Quote: "In only two hours, the joy of solitariness and contemplation has become the fear of isolation nad abandonment. Marine methaphors come constantly to mind. I'm out of my depth. Like a man overboard shouting after a receding ship."
His dry British Humour - actually , humour that rises well above "dry British humour", British National Treasure Humour - punctuates much of the book, always in step with the story, never forced, always understated.
"Then Omar turns and motions that there is something up ahead. I wave my bottle as high as I can, neck downwards. He doesn't move but watches the camels pass until I reach him. He hands me what's left of the water and enquires, wordlessly, how I am. 'Tres bon, merci, Omar', I lie. "

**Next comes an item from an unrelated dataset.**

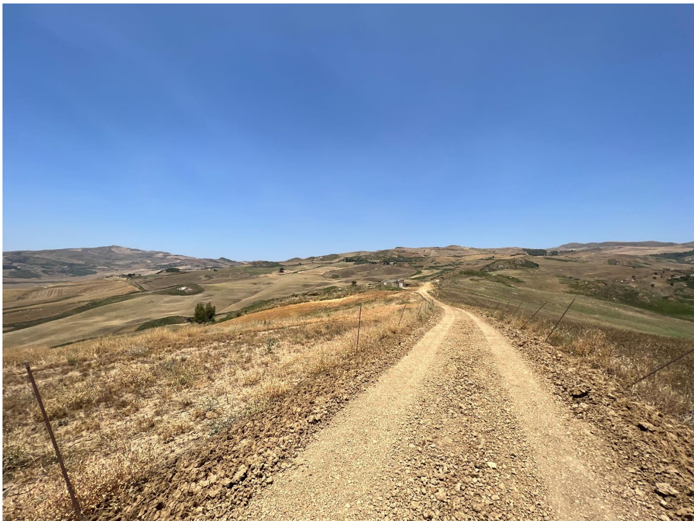
Figura 12_vista da strada interpodereale_comune Polizzi Generosa

Always trying to look at the bright side of life.
Also moving are his genuine desire to find out the truth, the essence of the place he's visiting. Along his side I was dissapointed when in Algeria, he is fed hamburgers and chips by the local guide. All information packed in this book reveals a little bit of truth about the mystery that is Sahara, to the point where classifying this book as Orientalism isn't right anymore - because Orientalism is fantasy, and Michael Palin's Sahara is realism.
Rating: Summary: Excellent overall Review: Palin's Sahara is better written than any of the other masterpieces he has had published. The chapters are more coherent and the whole thing feels less like a diary and more like a good thorough essay.... The pictures are phenomenal...
Rating: Summary: ...for the photos NOT the writing Review: When John Cleese left Monty Python prior to their final series, the lot fell on Palin and the others to write the show. The result was the worst series they every produced. That Michael Palin is not the world's greatest writer is clearly evident in this book which was a bit of a chore to read through. I found his need to befriend people he would abandon immediately a tad patronising and superficial and, after reading all the other books based on his TV series so far, was getting bored with his style.
Palin is tramping around one of the most formidible places on the planet. He is constantly meeting people who live on a knife edge of existance. And yet, he is far too comfortable by contrast. I felt he was very much on the outside looking in here, moving so quickly through this vast landscape that he could never hope to really communicate what the lives and landscape is really all about. This makes Sahara a very different read from his other much more entertaining and balanced travel writing such as Pole to Pole or Around the World in 80 Days which I would definitely recommend in preference to this.
The accolades for this book should go simply to Basil Pao whose excellent photographs make this book worth the purchase. Where Palin fails to convey the stark and stunning Sahara, Pao succeeds often dramatically. His role in the success of this book in communicating the Sahara eclipses Palin's.